Effect of weak bases on accumulation of methylammonium. At higher concentrations than those we employed in transport assays, the weak base methylammonium is commonly used to determine the pH difference across biological membranes (17, 28, 56). Whereas the uncharged species (CH3NH2) can diffuse across membranes in an unmediated manner, the charged species (CH3NH3+) cannot. Hence, partitioning of methylammonium across a membrane allows for an estimation of the pH gradient. We wondered whether accumulation of [14C]methylammonium in our transport experiments might be due to sequestration of the charged species into acidic compartments. To test this, we first determined whether at high concentrations the weak bases ammonium and chloroquine, which are known to accumulate in acidic compartments and increase the luminal pH (6, 44-46), would interfere with the accumulation of [14C]methylammonium.
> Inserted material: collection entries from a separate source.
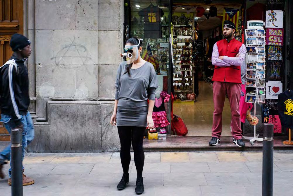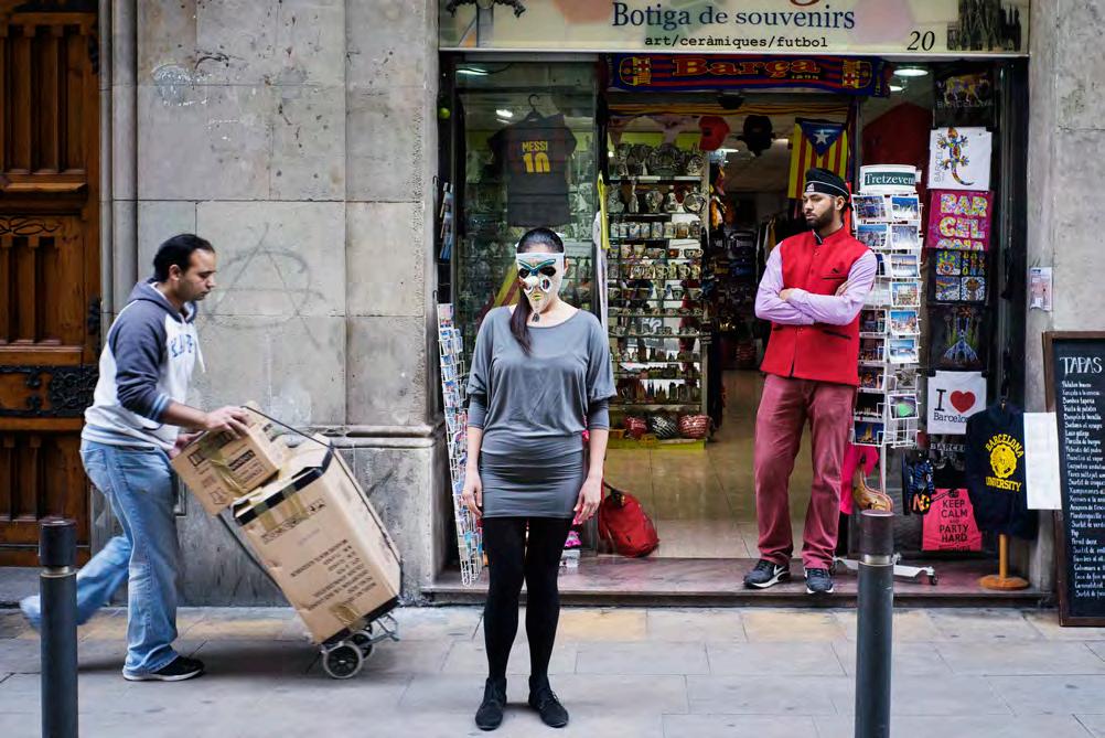 What c an be built between the intelligible and the sensitive? What does it mean to inhabit a space-time between not being and being? Maíra Ortins sculps her narrative politically. She inserts a non-identified body among rejected ones. She reports the presence of people who left a past and are not accepted in the present. Which future can they have? The Western look is cruel when one feels threatened. But threatened by what, by whom? Using a performative pedagogy Maíra Ortins rescues the subjectivity of migrants. And includes us in this ritual: we are and always will be migrants, all of us. Our ancestors came from the African continent. We have spread throughout the world. We have destroyed and built civilizations. And cowardly excluded subjects like us from human convivence! All migration is the extension of the process of humanization. In this engaged art, Maíra Ortins proposes an aesthetics which points places as the space of critical and political positions. Masks become responsible for reporting exclusion. Maíra Ortins proposes a manifest: we all exist and need a solidary gesture. Objectively, aesthetically, she puts us back in the migration universe. Maíra Ortins explains that “Khôra is a long work dedicated to immigration through performing photography, and the series “Judith: somos todos iguais perante a lei” also tackles the same subject”. In an interview to art historian Carolina Ruoso, published in the newspaper O Povo, she reveals: Judith is not a hero. Unknown, she reveals the strange around us. Characters who go on with their lives without thinking about it, as in the long Barcelona series, with immigrants from all over the world. Because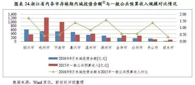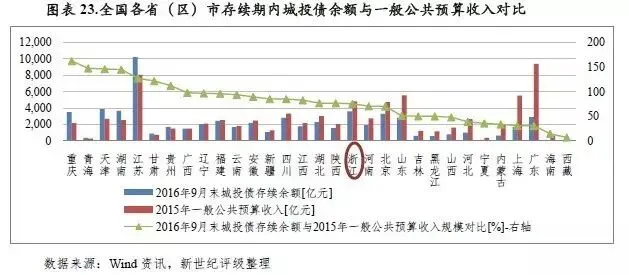 从省本级城投债存续情况看,2016年9月末浙江省省本级存续期内城投债余额为236.40亿元,与2015年省本级一般公共预算收入(352.70亿元)的比重为0.67,规模相对较小,浙江省省本级存续期内城投债偿付压力总体尚可。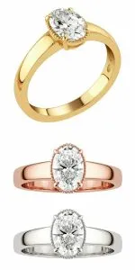 Sormuksissa sädehtivät 1.00ct ovaalihiontaiset timantit.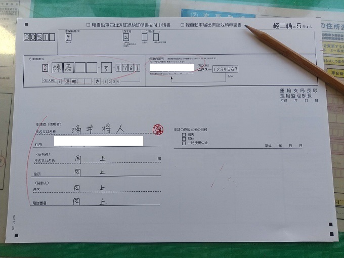1つは、「申請書(軽二輪第5号様式)」で、ナンバー返納後に再び受付に提出するので、必要事項を記載しておきます。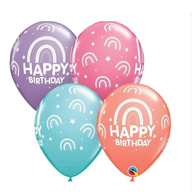 PALLONCINI LATTICE 11" STAMPATI QUALATEX BUON COMPLEANNO RAINBOW 25 PZ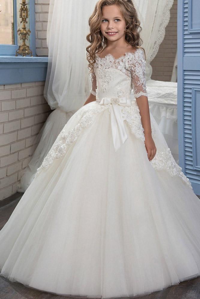 White Off The Shoulder 1/2 Sleeves Ball Gown Flower Girls Dress

Treatment of wild-type S. cerevisiae strain 23344c at pH 7.5 with ammonium (200 mM) for 20 min prevented accumulation of [14C]methylammonium (Fig. 2A). The same was true for treatment with chloroquine (1 mM), which is structurally unrelated to ammonium and methylammonium. In both cases, accumulation resumed 10 min later and in fact was restored to normal (data not shown). The latter may be accounted for by reacidification of vacuoles and other acidic compartments because the assay buffer contained 2% glucose as the energy source. In agreement with the above interpretations, transport and metabolism of D-[1-14C]glucose were not affected by treatment with ammonium or chloroquine (Fig. 2B).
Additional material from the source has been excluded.